С ЗАМИРАНИЕМ СЕРДЦА

№ 2015 / 5, 23.02.2015

12 февраля – День рождения Народной артистки России Ольги Борисовны ВОРОНЕЦ – прославленной исполнительницы русской песни. Первый, на котором уже не было её самой…

Когда мы пишем «Народная» с большой буквы, мы не просто следуем правилам написания официального звания, а имеем в виду нечто неизмеримо большее. Ольга Воронец любила цитировать Грибоедова: «Чины людьми даются, а люди могут обмануться». Если же интервьюеры (это был их любимый назойливый приём) начинали выражать сочувствие: мол, вы не хуже Зыкиной, а все награды – и Государственная премия, и Ленинская, и Звезда Героя социалистического труда – у неё, она весело смеялась и отвечала: «Хорошо, что у неё, Зыкина – хорошая певица!». От себя напомним, что и Лидия Русланова до самой смерти носила всего лишь скромное звание Заслуженной артистки. Говорим об этом не в укор кому-то, а лишь в напоминание о том, что звание, дающее при жизни надбавку к пенсии, после смерти не значит уже ничего: остаётся – или не остаётся – только Имя. Об этом – в материале нашего автора, Николая МАЗУРЕНКО, в прошлом военного журналиста и главного редактора журнала «Милиция», бывшего на протяжении тридцати лет хорошо знакомым с Ольгой Борисовной.

  

Февраль 2006 г. С автором материала
Февраль 2006 г. С автором материала

Зимний вечер. Наверное, года семидесятого. Снег искрится от фонарей, радостно скрипят полозья. Мне пять лет, и я в санках. Обратно пойду пешком, потому что на них поедет новый большой телевизор, который мы с родителями отправились покупать. Наш старый – «КВН» с круглой линзой – принимал только одну программу, Первую. А единственную тогда детскую передачу «Спокойной ночи, малыши!» показывали по Второй, которая появилась совсем недавно. Всё телевещание, естественно, было чёрно-белым. Но то ли напряжение детской психики, связанное с таким исключительным событием, то ли название «Голубой экран» (этот магазин в Твери по сей день существует и называется так же) сделали воспоминания столь яркими, что они всю жизнь переливаются во мне, как цветные узоры в калейдоскопе. Целая стена телевизоров – один на другом, рядами. Все включены и транслируют одну и ту же картинку: необыкновенная, сказочной красоты женщины в короне из Северного сияния (тематический «задник» в студии подсвечен игрой софитов) поёт голосом, вместившим в себя огромный искрящийся простор:

Эти песни пастушьи то громки, то тихи,

Ты послушай, послушай, как поют пастухи:

«Нарьян-Мар мой, Нарьян-Мар!»…

Григорий Фёдорович Пономаренко, как Козёл-Серебряное копытце, высекал в те годы свои мелодии – удивительно простые, но почему-то недоступные подражателям – целыми сериями, как Гознак юбилейные монеты, которые защищены от подделки. Высеченное часто делил пополам – «Бабью долю» – Воронец, «Снег седины» – Зыкиной. Воронец оказалась благодарнее: на смерть композитора Зыкина промолчала, а она отозвалась ещё более щедро, чем правдиво: «Если бы не Гриша, моя карьера даже и не состоялась!». (На самом деле специально для неё писали едва ли не все лучшие композиторы того времени – Мурадели, Аверкин, Птичкин, Фельцман, Лядова – не перечтёшь всех). Мелодия, которую я услышал в «Голубом экране», была написана на стихи Инны Кашежевой – журналистки городской газеты Нарьян-Мара. Всё было очень простым, немудрящим, но…
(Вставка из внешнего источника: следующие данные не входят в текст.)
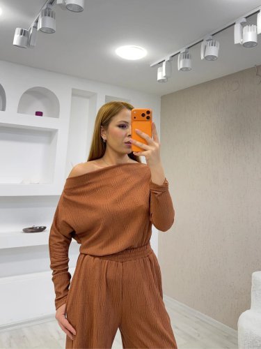 • Kadın uzun kollu omuz dekolteli bluz ve palazzo pantolon ikili takım

«Замирание сердца не подчиняется никаким законам» (Олдос Хаксли, эссе «Об искренности в искусстве») И моё – замерло!.. А эту самую искренность, кстати, Хаксли выделяет как совершенно особенную эстетическую категорию, которая никак не зависит от субъективного стремления художника к правде. Мол, просто такое свойство души. На самом деле никакого «просто», потому что ни воспитать в себе, ни научиться ему нельзя: оно или есть, или нет и никогда не будет. Писателям, между прочим, понимание этого даётся хуже других. Ведь плохую книгу написать почти так же тяжело, как и хорошую! Певцам несколько легче понять, о чём идёт речь, потому что тут можно провести аналогию с голосом и музыкальным слухом: если они есть, их можно развивать, шлифовать, облагораживать. А уж если нет, так ты хоть запойся…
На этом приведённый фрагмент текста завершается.